▶ [Recorded data]

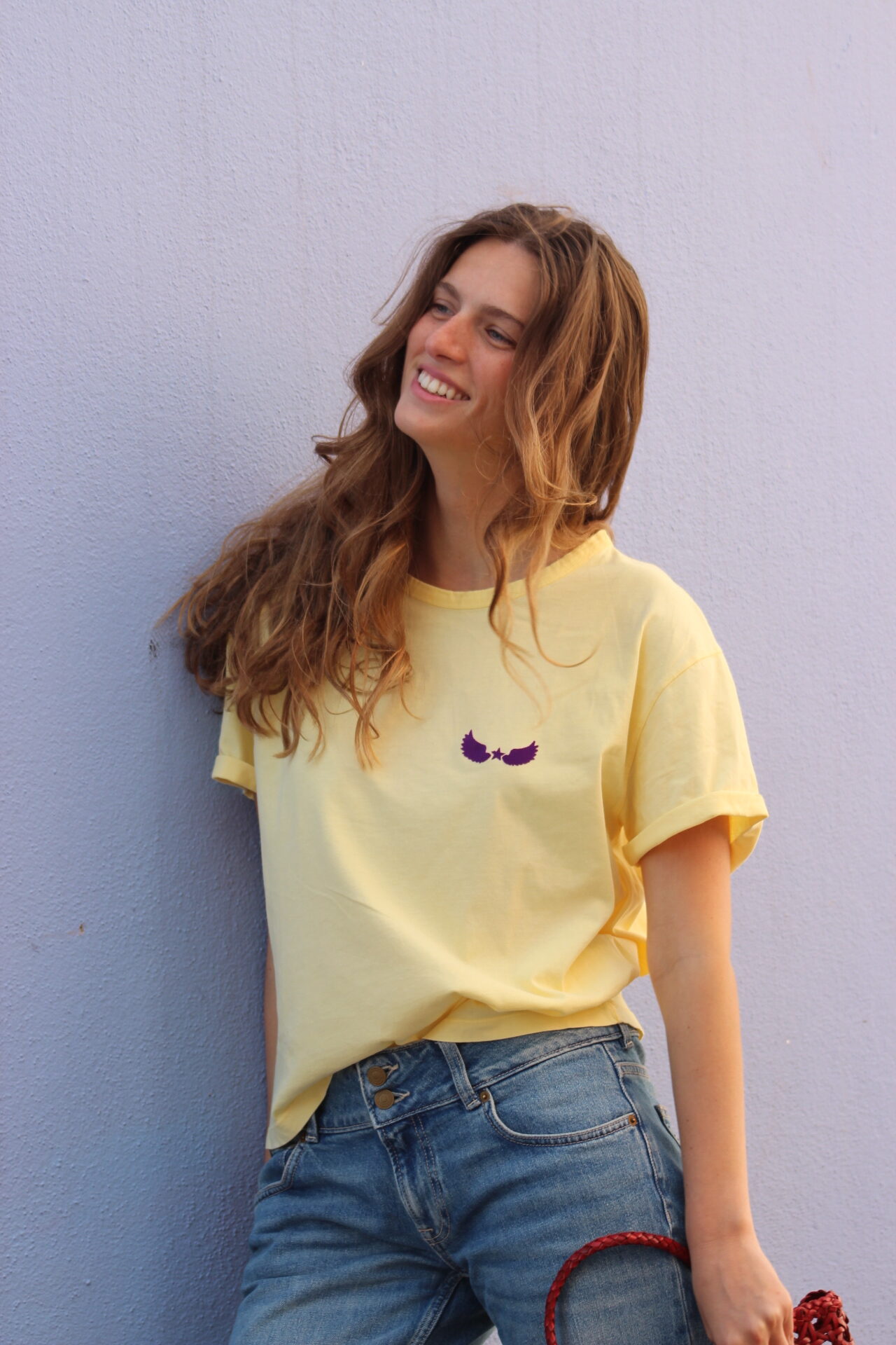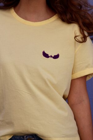 T-shirt mannga curta com com asas e estrela em veludo na cor roxo
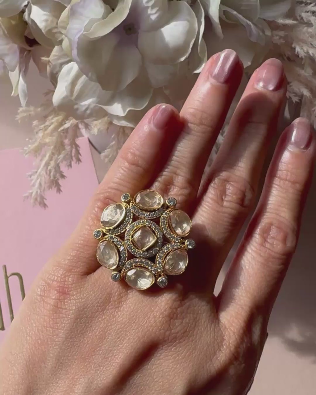 A versatile gold-plated kundan ring with stones.
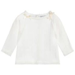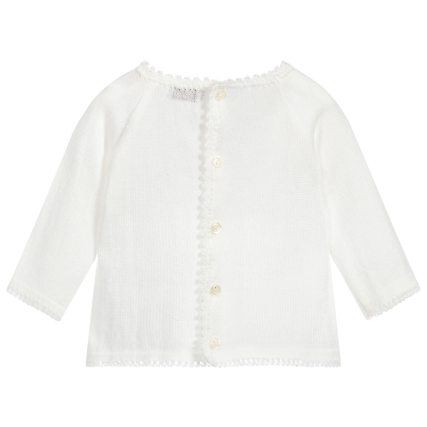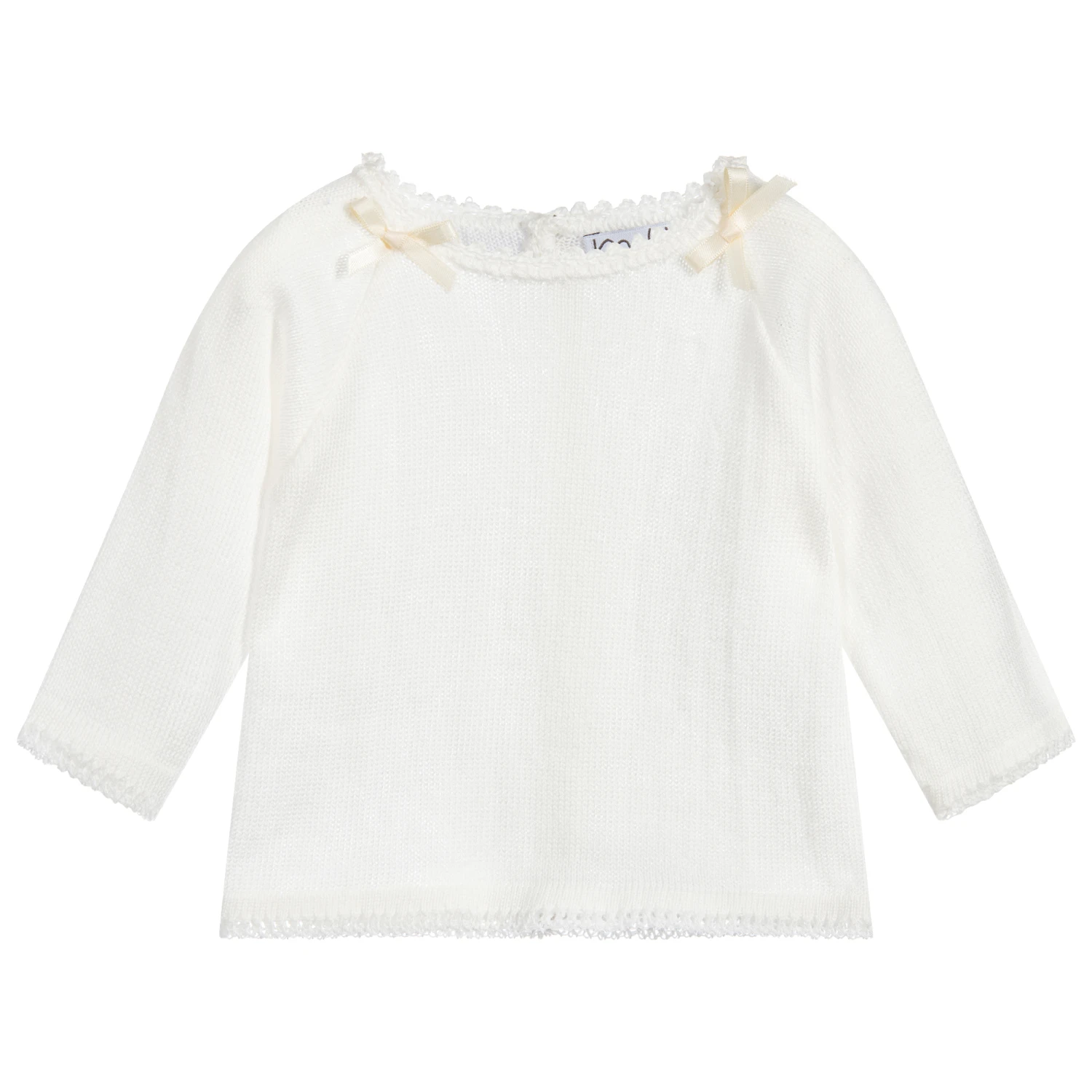 Delightful ivory sweater by Mebi, suitable for both baby boys and girls. Soft and lightweight, it is finely knitted in pure cotton with back button fastening. It has delicately woven trim along the edges and sweet ribbon bows on the neckline.
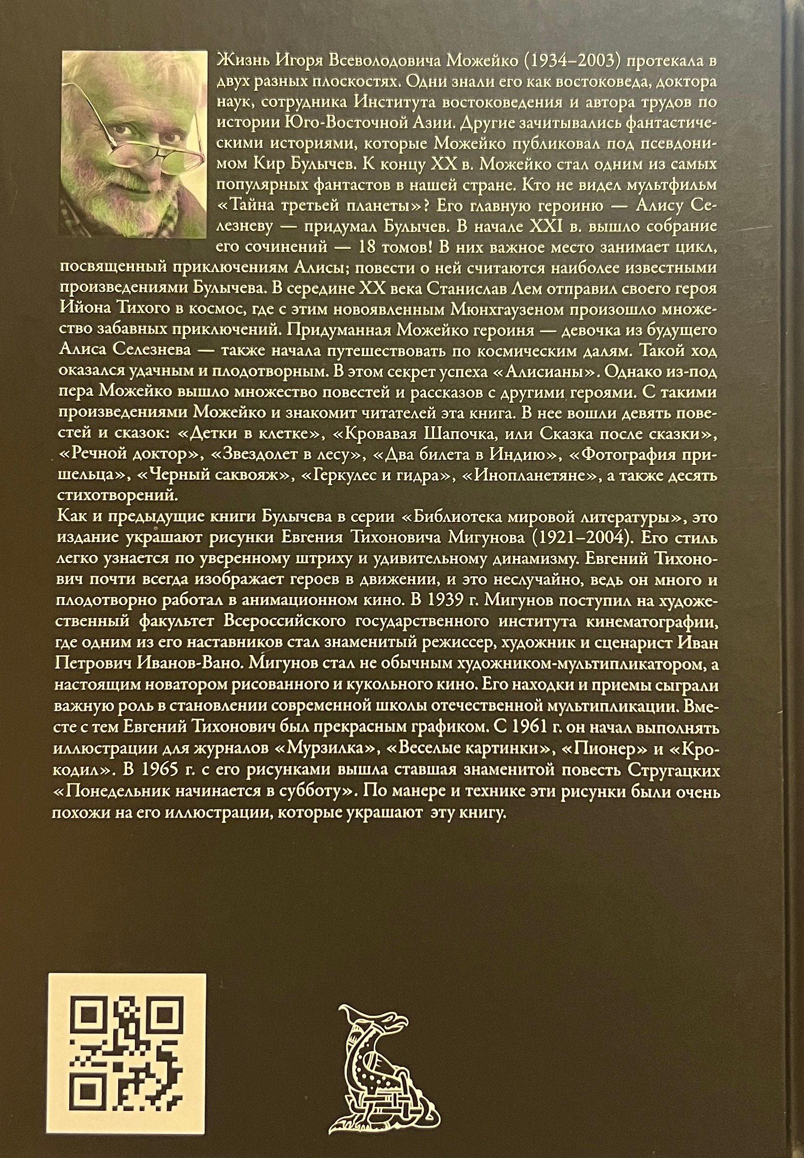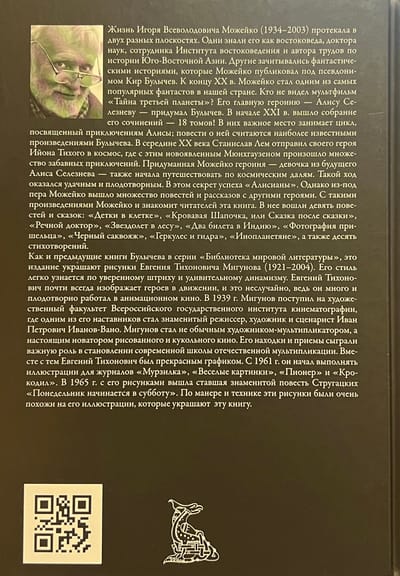 The life of Igor Vsevolodovich Mozheiko (1934-2003) was in two different planes. Some knew him as an orientalist, doctor of sciences, employee of the Institute of Oriental Studies and author of works on the history of Southeast Asia. Others read fantastic stories that Mozheiko published under the pseudonym Kir Bulychev. By the end of the twentieth century. Mozheiko became one of the most popular fiction writers in our country. Who has not seen the cartoon "The Mystery of the Third Planet"? Its main character - Alice Selezneva - was invented by Bulychev. At the beginning of the XXI century. published a collection of his works - 18 volumes! In them, an important place is occupied by a cycle devoted to the adventures of Alice; stories about her are considered the most famous works of Bulychev. In the middle of the twentieth century, Stanislav Lem sent his hero Ion Quiet into space, where many amusing adventures occurred with this newfound Munchausen. The heroine invented by Mozheiko - a girl from the future Alice Selezneva - also began to travel through space. Such a move turned out to be successful and fruitful. This is the secret of the success of "Aliciana". However, from under the pen Mozheiko came out a lot of novels and stories with other characters. With such works Mozheiko and introduces readers to this book. It includes nine novels and fairy tales: "Children in a cage", "Bloody Hood, or the Tale after the tale", "River Doctor", "Starship in the forest", "Two Tickets to India", "Photograph of an alien", "Black valise", "Hercules and the Hydra" , "Aliens", as well as ten poems. Like the previous books Bulychev in the series "Library of World Literature", this edition is decorated with drawings by Evgeny Tikhonovich Migunov (1921-2004). His style is easily recognized by his confident stroke and amazing dynamism. Eugene Tikhonovich almost always depicts characters in motion, and this is not accidental, because he worked extensively and fruitfully in animated films. In 1939 Migunov entered the art department of the All-Russian State Institute of Cinematography, where one of his mentors was the famous director, artist and screenwriter Ivan Petrovich Ivanov-Vano. Migunov became not an ordinary animator, but a real innovator of drawn and puppet movies. His findings and techniques played an important role in the formation of the modern school of Russian animation. At the same time Yevgeny Tikhonovich was an excellent graphic artist. Since 1961 he began to do illustrations for the magazines "Murzilka", "Veselye Kartinki", "Pioner" and "Krokodil". In 1965 his drawings were used to illustrate the famous Strugatsky novel "Monday Begins on Saturday". In manner and technique, these drawings were very similar to his illustrations, which decorate this book.

▶ [What you are asked to do] Repeat exactly and only the lines from the start of the data above through the line that holds "Delightful ivory sweater", inclusive. Pictures do not belong in the copy.

▶ [Output below]
 T-shirt mannga curta com com asas e estrela em veludo na cor roxo
 A versatile gold-plated kundan ring with stones.
 Delightful ivory sweater by Mebi, suitable for both baby boys and girls. Soft and lightweight, it is finely knitted in pure cotton with back button fastening. It has delicately woven trim along the edges and sweet ribbon bows on the neckline.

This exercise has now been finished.